# SOURCE MATERIAL
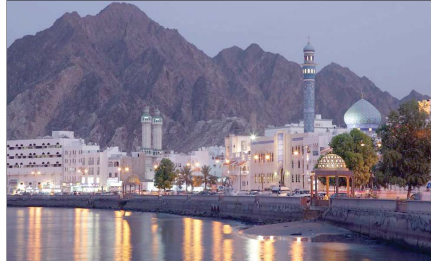
إحدى المدن الساحلية في عمان

وأضافت أن سلطنة عُمان عازمة على مواصلة تحسين مركزها المالي والاقتصادي؛ ما سيزيد من مرونتها في مواجهة تقلبات أسعار النفط. وتتوقع الوكالة أن ينخفض الدين العام إلى نحو 16,5 مليار ريال
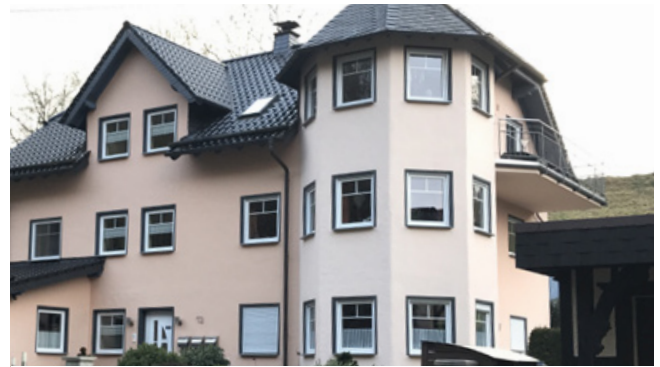
Gestalterische Disharmonie, Turm wirkt überdimensioniert
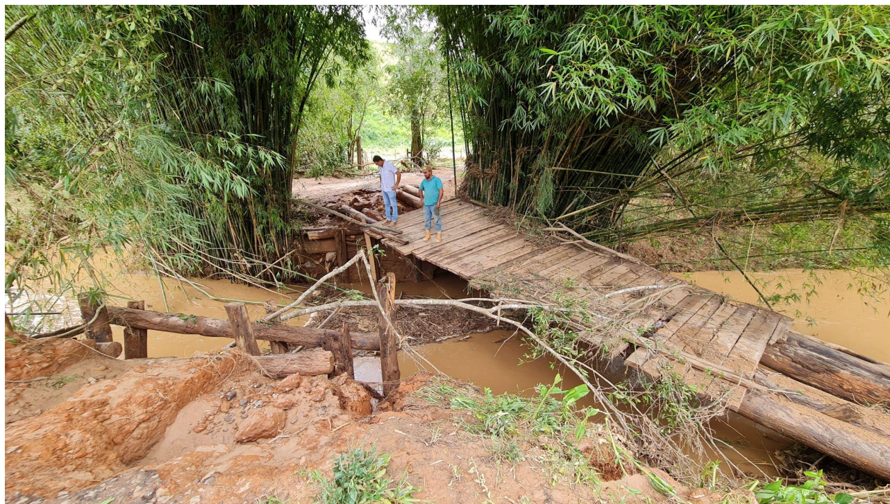
2.6 - Morro nas proximidades da ponte do Brás do Montijo (Acesso alternativo)

# DIRECTIONS FOR THIS TASK
Copy the whole of the material above exactly, and exclude every picture.

# YOUR RESPONSE
إحدى المدن الساحلية في عمان

وأضافت أن سلطنة عُمان عازمة على مواصلة تحسين مركزها المالي والاقتصادي؛ ما سيزيد من مرونتها في مواجهة تقلبات أسعار النفط. وتتوقع الوكالة أن ينخفض الدين العام إلى نحو 16,5 مليار ريال
Gestalterische Disharmonie, Turm wirkt überdimensioniert
2.6 - Morro nas proximidades da ponte do Brás do Montijo (Acesso alternativo)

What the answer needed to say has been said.